1. Reduced Tax Rates from the Tax Cuts and Job Act

 

The TCJA reduced income tax rates for almost all tax brackets from 2018 through 2025, expanded the income levels within most tax brackets and cut the top rate from 39.6% to 37%. However, the rates were scheduled to increase back to their 2017 levels starting in 2026, unless Congress took action.

 

The House bill extends the current rates and brackets. “The proposal makes the lower income tax rates permanent,” says Miklos Ringbauer, founder of MiklosCPA in Southern California.

 

On May 19, the Urban-Brookings Tax Policy Center estimated that the tax provisions of the legislation would reduce taxes on average by about $2,900 in 2026, with about 60% of the benefits going to those in the top quintile (with incomes of about $217,000 or more). The bill was changed slightly after their analysis.

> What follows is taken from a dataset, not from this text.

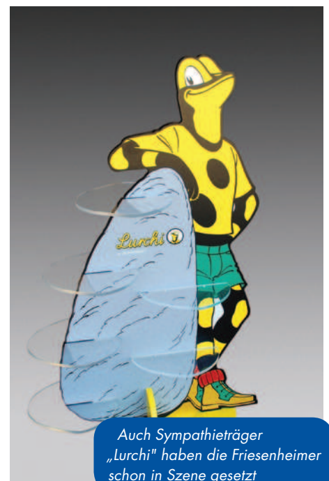
Auch Sympathieträger „Lurchi“ haben die Friesenheimer schon in Szene gesetzt

Eine Global Player aus dem Schwarzwald bedient sich eines von den Badensern gefertigten Präsentationsmodells, das ausschließlich für den Fachhändler bestimmt ist. Der Endkunde kann Wasserläufe verfolgen und die Funktion am Originalteil eigenhändig überprüfen. SEITEL obliegt darüber hinaus die komplette Installation inklusive der elektronischen Montage. „Besonders bei diesem letzten Schritt sind einige Dinge zu beachten, um den weltweit unterschiedli-

The biggest change was that the SALT cap in the bill was increased from $30,000 to $40,000 after the study came out, but the other changes were pretty small. The results would still be similar, according to Joseph Rosenberg, senior fellow at the Tax Policy Center.

 

2. Increased SALT Tax Cap

 

People who itemize can deduct state and local taxes, including real estate taxes and either income taxes or sales taxes paid to state and local governments.

 

But as one of the cost-cutting measures to help fund the TCJA tax breaks, that original law capped the SALT deduction at $10,000 from 2018 through 2025. This reduced the tax break available for many people in high-tax states who had eligible tax bills above that cut-off.

 

The SALT cap was scheduled to expire after 2025, but the new tax bill would increase the cap to $40,000 starting this year, in 2025, for people earning less than $500,000.

 

The cap is gradually reduced for people above that income level, and people with incomes over $600,000 would still face the original $10,000 SALT cap, says Garrett Watson, director of policy analysis at the Tax Foundation. The cap and income limit would rise by 1% each year for 2026 to 2033.

 

Many people in California earning less than $600,000 pay more than $10,000 in income and property taxes and will benefit from the higher cap, says Ringbauer.

 

However, this is the provision of the tax bill that Pomerleau thinks is most likely to change in the Senate version.

 

“While the political dynamics in the House meant that they were going to have to increase the SALT cap to pass the bill, no such dynamics exist in the Senate,” he says. “In fact, Republican Senators do not represent high-income, high-tax states, so it is not a priority – they actually are more likely to oppose the higher cap.”

 

3. Higher Estate Tax Exemption

 

The new tax bill increases the estate tax exemption to $15 million per person, effective beginning in 2026, with annual adjustments for inflation.

 

The TCJA had doubled the estate tax exemption from 2018 through 2025, and with inflation adjustments, it had reached $13.99 million in 2025. However, without action by Congress, the amount of money each person could pass on to heirs without federal estate taxes was scheduled to revert to the pre-TCJA level.

 

“This will benefit wealthier estates since, if the TCJA had been allowed to expire, the estate tax exemption would have fallen approximately in half, to around $7 million,” says Mark Luscombe, the principal federal tax analyst for Wolters Kluwer.

 

 

4. Caps Itemized Deductions for the Highest Bracket

 

The House bill caps itemized deductions for taxpayers in the top bracket. “This is a new policy that reduces the value of itemized deductions for high-income households,” Pomerleau says.

 

“For those with taxable income in the top tax bracket [37%], this provision reduces the value of each dollar of itemized deduction by two percentage points. Instead of receiving $0.37 for a dollar of charitable contributions, taxpayers will get $0.35,” he explains.

 

The tax bill also reduces the value of the SALT deduction for people in the top bracket by five percentage points, he says. Instead of being worth 37%, that deduction would be capped at 32%. That means a $10,000 SALT deduction would lower federal income taxes by $3,200 rather than $3,700.